Comment on attachment 78177 [details] [diff] [review] v.1 I'm not buying this. Moving the nsAutoMonitors is fine. But I don't think this is good enough. I think it is wrong to be creating and destroying the monitor in the Init/Shutdown methods. If this was getting done in the ctor/dtor then this problem would mostly go away. Creating the monitor in the Init method is not so whacky if you want to detect failure and have that impact the result of the Init. But, destroying the monitor in the shutdown method is just wrong. The dtor is the place for this. BTW, you've since learned that PR_NewMonitor is not the right way to make a monitor. You ought to fix this while you're here. The fact that NS_ShutdownXPCOM's call of (nsComponentManagerImpl::gComponentManager)->Shutdown() can race with normal callers to the component/service manager is just broken. But I suppose that's another bug.

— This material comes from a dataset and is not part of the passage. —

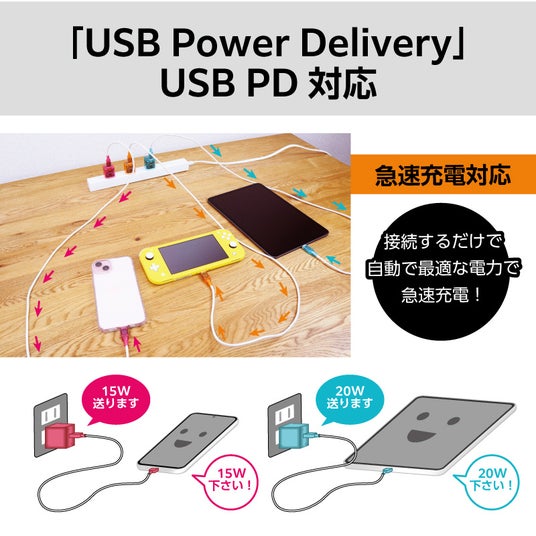 USB PD 20W対応小型軽量ACアダプタ

I will: a) destroy the monitor in the objects destructor b) use the new style monitor creation fu.

Comment on attachment 78428 [details] [diff] [review] v.2 sr=jband. + mMon = nsnull; I'd remove this now that the monitor is destroyed in the dtor.

right. done.

Comment on attachment 78428 [details] [diff] [review] v.2 r=brendan@mozilla.org -- for optional bonus points, change those NULLs to be nsnulls, or better, test if (!mMon) to match style elsewhere. /be

Checking in nsComponentManager.cpp; /cvsroot/mozilla/xpcom/components/nsComponentManager.cpp,v <-- nsComponentManager.cpp new revision: 1.195; previous revision: 1.194 done We will want this on the mozilla 1.0 branch.

Comment on attachment 78428 [details] [diff] [review] v.2 a=asa (on behalf of drivers) for checkin to the 1.0 branch

Landed fix on branch: Checking in nsComponentManager.cpp; /cvsroot/mozilla/xpcom/components/nsComponentManager.cpp,v <-- nsComponentManager.cpp new revision: 1.194.2.2; previous revision: 1.194.2.1 done

adding fixed1.0.0 keyword (branch resolution). This bug has comments saying it was fixed on the 1.0 branch and a bonsai checkin comment that agrees. To verify the bug has been fixed on the 1.0 branch please replace the fixed1.0.0 keyword with verified1.0.0.